Topic 2. High-Level Graph Processing Abstractions: While imperative programming models, such as vertex-centric or edge-centric programming models, are popular, they are lacking a high-level exposition to the end user. This way the end user is required more technical programming, which limits the end user productivity in building graph processing pipelines. In contrast, graph query languages build on more high-level, declarative constructs. Query language abstraction give more power to the less technical user and allow for extensive performance optimization by the underlying graph processing system. Current graph query languages, however, lack the power required in many graph analytics use cases. To increase the power of graph processing systems and foster the usage of graph analytics in applications, we need to design high-level graph processing abstractions. It is currently completely open how future declarative graph processing abstractions could look like, which the best level of abstraction is, how abstraction for analytics integrate with existing graph query languages, and we can evaluate new graph processing abstractions regarding utility, simplicity, expressiveness, and optimization potential.

Topic 3. Performance and Scalability Evaluation: Traditionally, performance and scalability are measures of efficiency, contrasting the ability of systems to utilize resources: FLOPS, throughput (e.g., EVPS), or speedup (i.e., compared to either a single-node, or a sequential implementation). Such metrics are difficult to apply for graph processing, especially since performance is non-trivially dependent on platform, algorithm, and dataset (i.e., the PAD triangle). Therefore, many important questions arise: how to compare the performance of graph-processing systems?, how to define scalability?, should one compare largely different systems, e.g., a distributed, heterogeneous system with a highly-tuned, hand-written sequential implementation?, how to design a framework for reproducible performance evaluation?. Moreover, running graph-processing workloads in the cloud leverages additional challenges. First, we would like to understand whether the intrinsic cloud elasticity could be harnessed for graph processing. Second, clouds are known to be impacted by large degrees of performance variability due to colocation and virtualization overheads. Studying the impact of cloud performance variability onto graph-processing workloads is another topic of interest.
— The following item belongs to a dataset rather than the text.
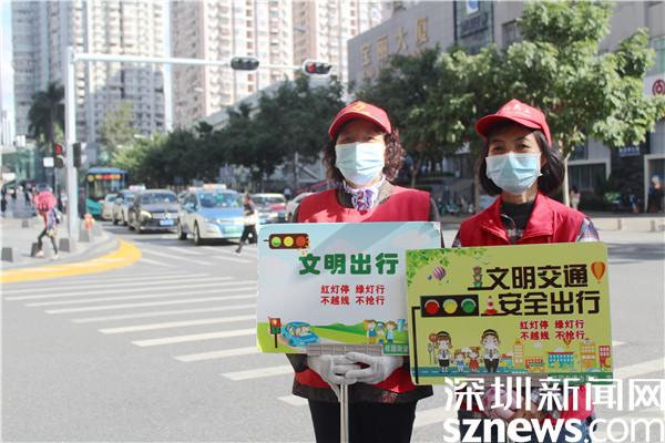 據(jù)了解,老圍社區(qū)黨委將創(chuàng)建文明城市納入常態(tài)化工作之中,黨群服務(wù)中心的社工迅速組建了創(chuàng)文小分隊(duì),長期堅(jiān)守在紅寶路和寶安南路的十字路口勸導(dǎo)交通。這是一條繁忙的十字路口,前有桂園小學(xué),后有盒馬超市,左邊是京基100寫字樓,右邊是地王大廈,周圍都是居民住宅小區(qū),每天車水馬龍,行人如織。尤其上班早高峰,路口更是熙來攘往川流不息。志愿者們守在路口,全神貫注,時(shí)刻留意那些準(zhǔn)備闖紅燈的騎行者,不走斑馬線的行人,勸導(dǎo)他們遵守交通規(guī)則,保障正常的交通秩序。

Such performance-related issues are key to identify, design, and build upon widely recognized benchmarks for graph processing.

For each topic, the discussion also considered specific and general applications of graph processing, at various volume, velocity, and other dimensions.

The seminar brought together over 40 diverse and high quality researchers with core expertise from two generally distinct communities, data management and (large-scale) computer systems. The seminar was successful, and addressed in particular topics around graph processing systems: ecosystems, abstractions and other fundamental theory, and performance. To this end, we structured the seminar as follows:

  1. Prior to the seminar, the co-organizers have contacted each participant, eliciting commitment for one or several topics, and ideas for key elements of the discussion.
  2. During the first day of the seminar, the morning was dedicated to short presentations by each participant, and a long break-out session per topic. The former allowed the participants to better understand each other's core ideas and keywords, to identify synergies and to find experts for keywords not entirely familiar.
  3. For the next two days, each morning challenged at least one half the participants with a tutorial given by a leading expert from the other community, then proceeded with break-out sessions organized per topic, and ended with a plenary session to share the main ideas. The tutorials were given by Tamer Özsu on "Graph Processing: A Panoramic View and Some Open Problems", on behalf of the data management community, and by Antonino Tumeo on "Big Graph Processing: The System Perspective", on behalf of the systems community. The main results of these two days of intense work were making terminology more uniform across the participants, and the core ideas about challenges (open problems), directions for long-term research, and identification of concrete short-term plans for continuation.
  4. During the last day of the seminar, the participants finalized the immediate conclusions of the seminar (see Section "In Conclusion: Challenges and Future Directions for Big Graph Processing Systems"), and agreed on the plans for continuation.
Copyright Alexandru Iosup, Angela Bonifati, Sherif Sakr, and Hannes Voigt

Participants
  • Khaled Ammar (Thomson Reuters Labs, CA) [dblp]
  • Renzo Angles (University of Talca - Chile, CL) [dblp]
  • Walid Aref (Purdue University - West Lafayette, US) [dblp]
  • Marcelo Arenas (PUC - Santiago de Chile, CL) [dblp]
  • Maciej Besta (ETH Zürich, CH) [dblp]
  • Peter A. Boncz (CWI - Amsterdam, NL) [dblp]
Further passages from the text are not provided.